For now I need to turn my attention to resolving the issues with my 
consumers.


Thanks again for helping out.

Bryan



On 21/09/2018 14:52, Eno Thereska wrote:

Hi Bryan,

I did a simple check with starting a broker with no rack id and then
restarting with a rack id and I can confirm I could get the rack id from
zookeeper after the restart. This was on trunk. Does that basic check work
for you (i.e., without reassigning partitions)?

Thanks
Eno

On Fri, Sep 21, 2018 at 2:07 PM, Bryan Duggan 
wrote:


I didn't get a response to this, but I've been investigating more and can
now frame the problem slightly differently (hopefully, more accurately).

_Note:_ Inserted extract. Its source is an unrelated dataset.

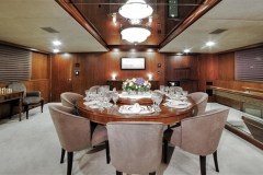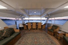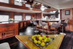 Inside, AGA 6 is built for actual living, not just brochure photos: a proper salon, a separate formal dining area that comfortably seats 10, and a second lounge/bar aft for when the group splits into “quiet talk” and “one-more-round” factions. Big windows, classic lines, modern amenities, and full air‑conditioning keep everything calm, bright, and functional.

According to this document

https://cwiki.apache.org/confluence/display/KAFKA/Kafka+
data+structures+in+Zookeeper

Which defines broker data structures in zookeeper, the following is the
broker schema (from version 0.10 onwards - I am using version 0.11)

{ "fields":
 [ {"name": "version", "type": "int", "doc": "version id"},
   {"name": "host", "type": "string", "doc": "ip address or host name
of the broker"},
   {"name": "port", "type": "int", "doc": "port of the broker"},
   {"name": "jmx_port", "type": "int", "doc": "port for jmx"}
   {"name": "endpoints", "type": "array", "items": "string", "doc":
"endpoints supported by the broker"}
   {"name": "rack", "type": "string", "doc": "Rack of the broker.
Optional. This will be used in rack aware replication assignment for fault
tolerance."}
 ]
}

when I check my broker data in zookeeper (which has a non-null broker.rack
setting in the properties file), I have the following;

{"endpoints":["PLAINTEXT://x.x.x.x.abcd:9092"],"jmx_port":-1
,"host":"x.x.x.x.abc","timestamp":"1537527988341","port":9092,"version":2}

there is no 'rack'.

In the server.log file on my kafka broker I see;

[2018-09-21 13:00:40,227] INFO KafkaConfig values:
 advertised.host.name = null
 .
 .
 broker.id = 1234567
 broker.rack = rack1
 compression.type = producer
 .
-

so it looks fine from the broker side. However, when I restart kafka on
the host, it doesn't load any rack information into zookeeper.

Can someone please confirm to me, if I have rack awareness, should I
expect to see a value for 'rack' in zookeeper? If so, do I need to do
something else on the broker side to get it to include it as part of the
meta-data it writes (as far as I can see it writes the metadata each time
kafka is restarted).

thanks
Bryan








On 20/09/2018 11:31, Bryan Duggan wrote:


Hi,

I have a kafka cluster consisting of 3 brokers across 3 different AWS
availability zones.  It hosts several topics, each of which has a
replication factor of 3. The cluster is currently not 'rack-aware'.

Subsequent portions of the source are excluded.